By contrast, WAFs are confined to the application layer. They specialize in preventing the common web attack, such as a XSS or DDoS attack, making them vital to securing internet-facing and cloud-native applications.

But the overarching difference between the two technologies is best understood in terms of proxies. Used by servers, the WAF is almost always a reverse proxy. NGFWs are used by and designed to protect the clients, which makes them forward proxies in most cases.

WAFs vs. Intrusion Prevention Systems

Like a WAF, an intrusion prevention system (IPS) is designed to identify and block malicious network traffic. IPS, though, are designed to filter all types of traffic across all protocols.

That said, WAFs typically offer more sophistication in their ability to detect complex attacks that operate over web protocols. IPS solutions usually rely on generic attack signatures (specific types of packets or traffic patterns) and do not make extensive use of contextual data (historical traffic patterns or user-behavior patterns) to determine which traffic might be malicious.

 

How to Deploy a Web Application Firewall

A WAF can be deployed in several ways, depending on where your applications are deployed, the services needed, how you want to manage it, and the level of architectural flexibility and performance required.

Questions to consider:

  • Do you want to manage the WAF yourself, or do you want to outsource the management?
  • Is a cloud-based model a better option, or do you want your WAF on-premises?

How you want to deploy will help determine which WAF is right for you. You’ll then need to decide how to integrate the WAF into your web app networking stack. You have three approaches to choose from:

  • Transparent bridge: In transparent bridge mode, the WAF is bound to the same ports as the web applications it protects. From the perspective of both web apps and clients that connect to them, there doesn’t appear to be a firewall in place, but the port-binding works behind the scenes to allow the WAF to intercept traffic and decide whether to allow it to pass.
  • Transparent reverse proxy: Under a transparent reverse proxy approach, the web applications are aware of the existence of a firewall, but clients aren’t. The WAF accepts traffic on ports and addresses that appear to external endpoints as applications, but the applications themselves operate on different, internal ports and addresses. The WAF inspects traffic and decides whether to forward it to those ports and addresses.
  • Reverse proxy: A reverse proxy means that clients send requests to a WAF that operates on ports or addresses used to run a proxy service, and then forwards requests to applications. A reverse proxy is similar to a transparent reverse proxy, the main difference being that clients are aware a proxy server exists when a simple reverse proxy is in place.
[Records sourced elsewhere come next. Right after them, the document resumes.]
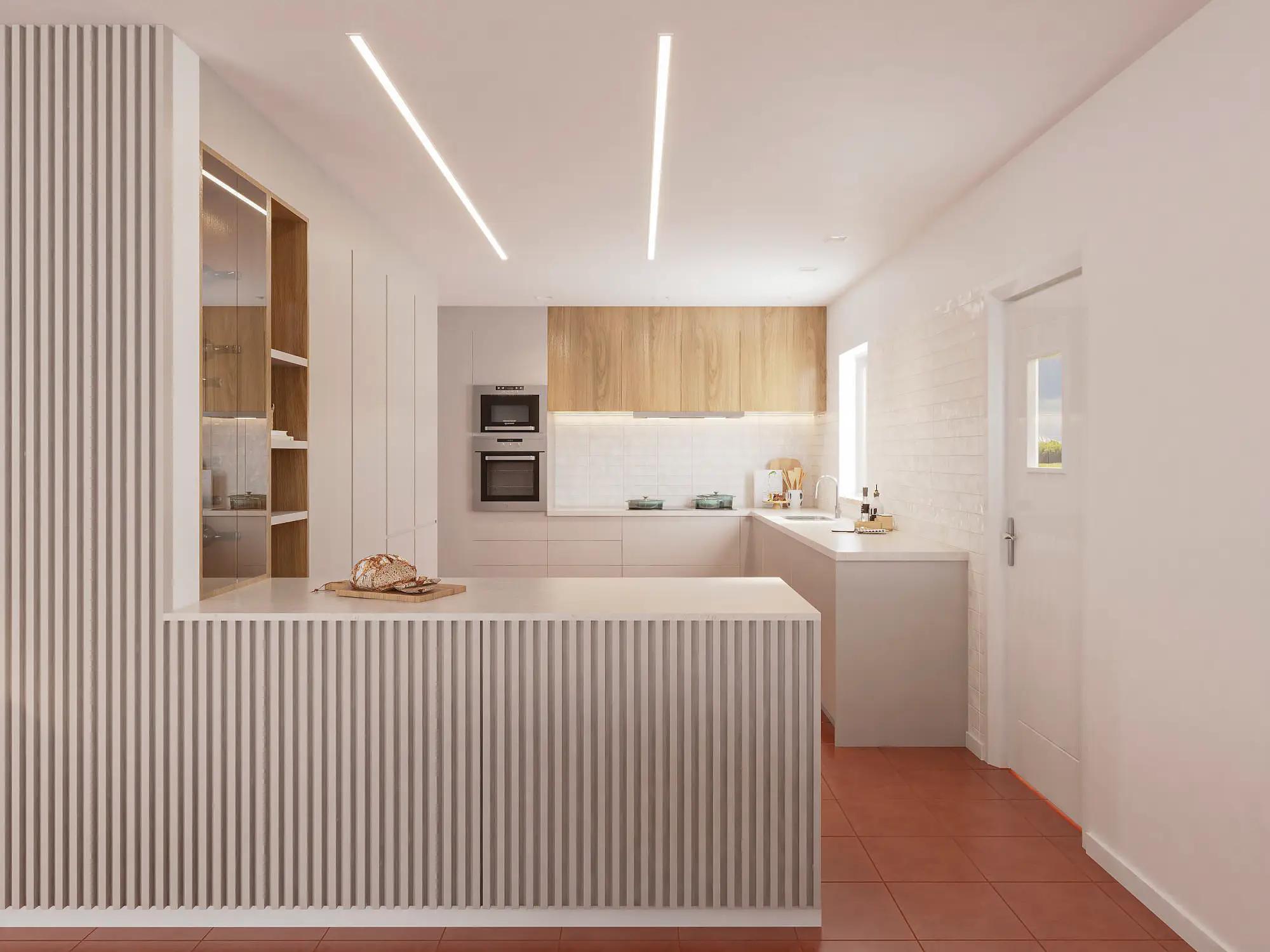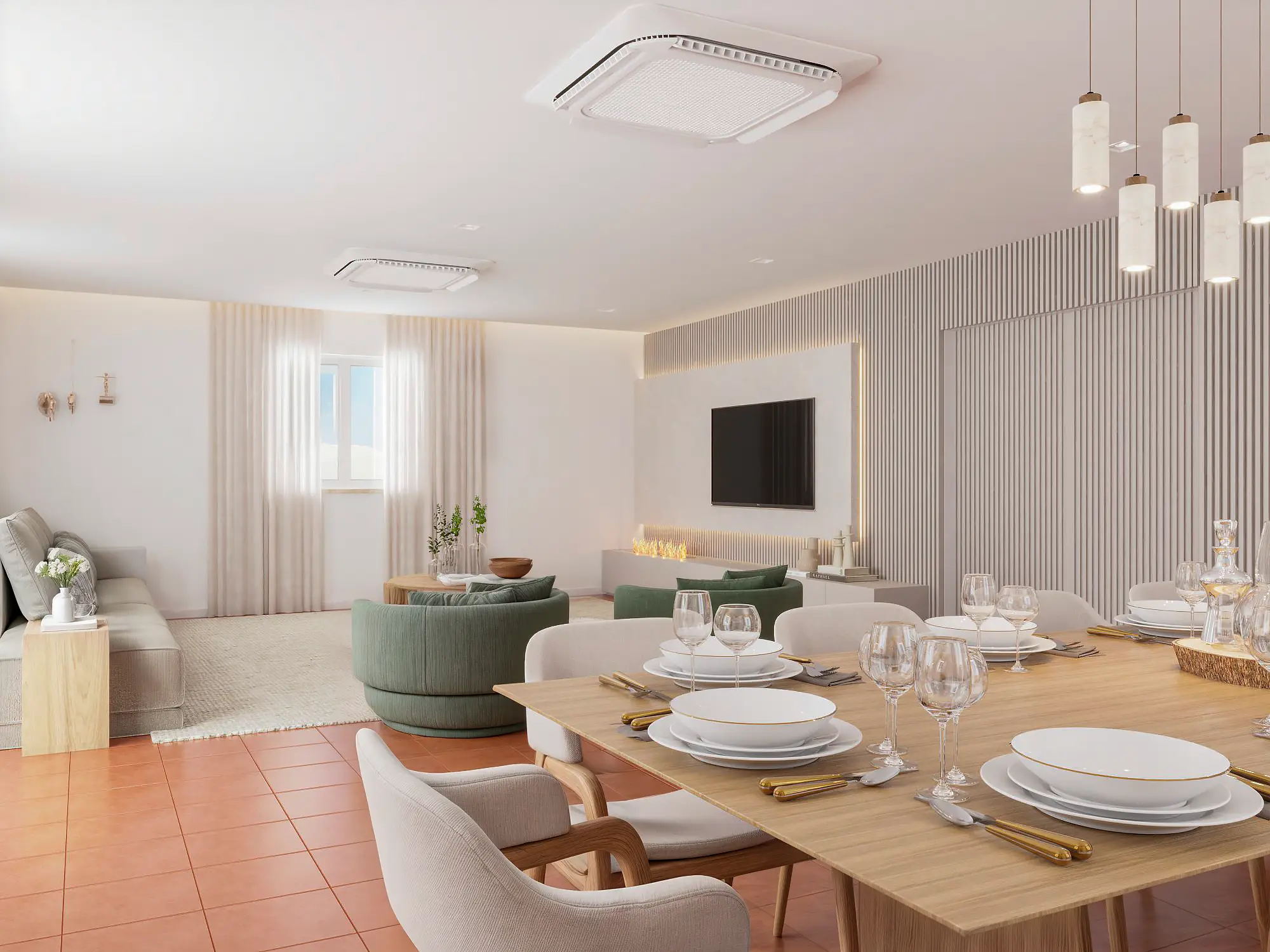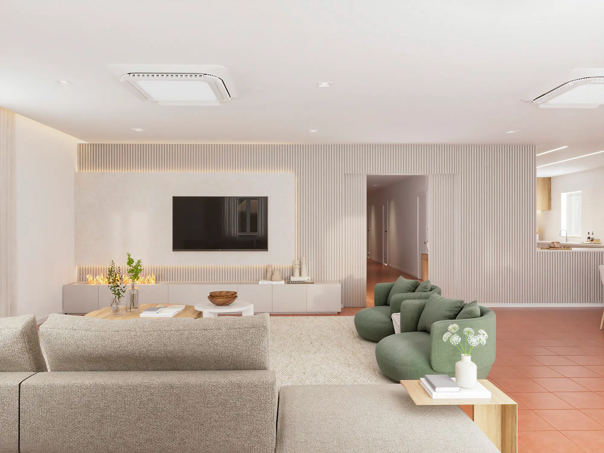 A sala integra diferentes zonas de estar, equilibrando linhas modernas com texturas naturais e uma paleta neutra pontuada por verdes suaves, que dialogam com a paisagem exterior. A cozinha foi concebida como coração da casa, unindo funcionalidade e design em soluções sob medida que privilegiam a partilha à mesa.
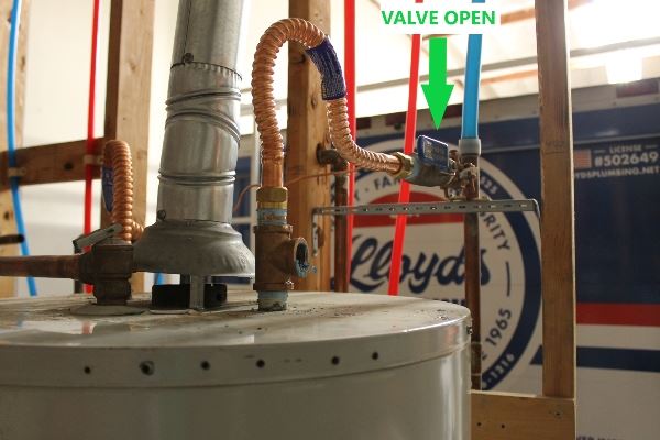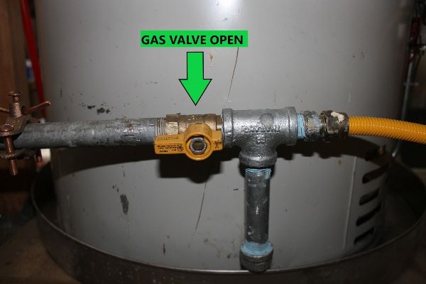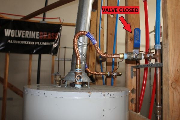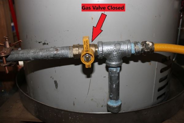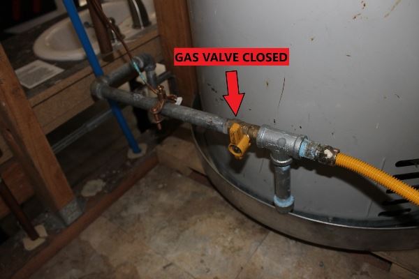 - Gas Water Heater: Locate the gas shut off valve next to the water heater. Turn valve one ¼ turn clockwise until handle is perpendicular with piping. If valve does not function, call your gas purveyor to turn off gas.
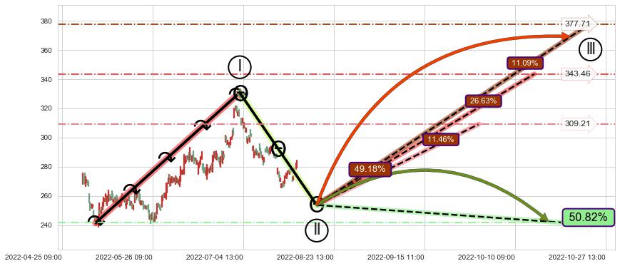 ➢ 循环浪继续向上【最高】位置(10-27:13, 377.71),匹配聚类样本比例22.55%, 可能性概率11.09%
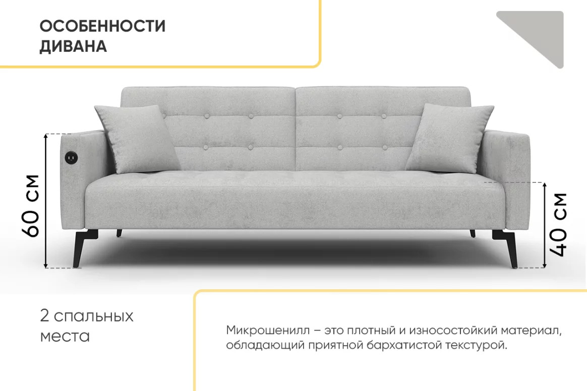 - Диван Аллаки с USB розеткой Серый Tailor 7

The transparent bridge model is easiest to implement because it requires the fewest network bindings, addresses and port configurations. It doesn't isolate web apps from the WAF at the network level though. Transparent reverse proxies and reverse proxies provide more isolation and ability to inspect traffic before it reaches applications.

Next in the step of deploying a WAF is choosing where to host it. The main options are:

  • Cloud-based as a fully managed service: The WAF runs in the cloud as a fully managed service. Users simply turn it on and configure it, with no management required other than setting up the desired networking policies.
  • Cloud-based and self-managed: The WAF is hosted in the cloud, but users are responsible for deploying, configuring and managing it.
  • Cloud-based and auto-provisioned: The WAF is hosted in the cloud. Although users have to configure and manage it, it’s automatically populated with networking rules designed to match the cloud environment. This approach offers a middle ground between fully managed and self-managed WAF options.
  • On-premises advanced WAF: The WAF is hosted by on-premises infrastructure. On-prem involves more setup effort, and businesses have to provide the host infrastructure for the WAF. The tradeoff is greater control over how the WAF is configured.
  • Agent or agentless host-based WAFs: The WAF runs on host servers or application containers. Users may need to deploy agents to each server to host the web application firewall service, but agentless approaches with firewall rules enforced are available.
 

What to Consider When Choosing a Web Application Security Solution

Factors to consider when evaluating web application firewall options:

  • Which deployment models are supported? The best WAFs support a range of deployment options so that they can operate on-premises or in the cloud, using either fully managed or self-managed approaches, depending on options that suit the business.
  • How does the WAF filter traffic? The more context a WAF can factor in when evaluating traffic, the better its ability to detect sophisticated attacks that tend to elude generic firewalls.
  • How efficient does the WAF need to be? All WAFs should operate efficiently to avoid depriving applications of the infrastructure resources they need to run.

In addition to the above considerations when choosing a web application security solution, it's wise to factor in scalability. How will the WAF need to expand in the future? Will it need to support applications that operate across hybrid and multicloud architectures? Will it need to support APIs? As APIs grow more central to app-to-user communication, the ability to protect APIs as well as web applications will be critical.

 

Future of Web App and API Security (WAAS)

Modern web applications built on cloud-native architectures are more complex than ever. Agile development processes, continuous integration and deployment, and evolving environments create new challenges for the traditional WAF. The next generation of web application and API protection is web app and API security (WAAS).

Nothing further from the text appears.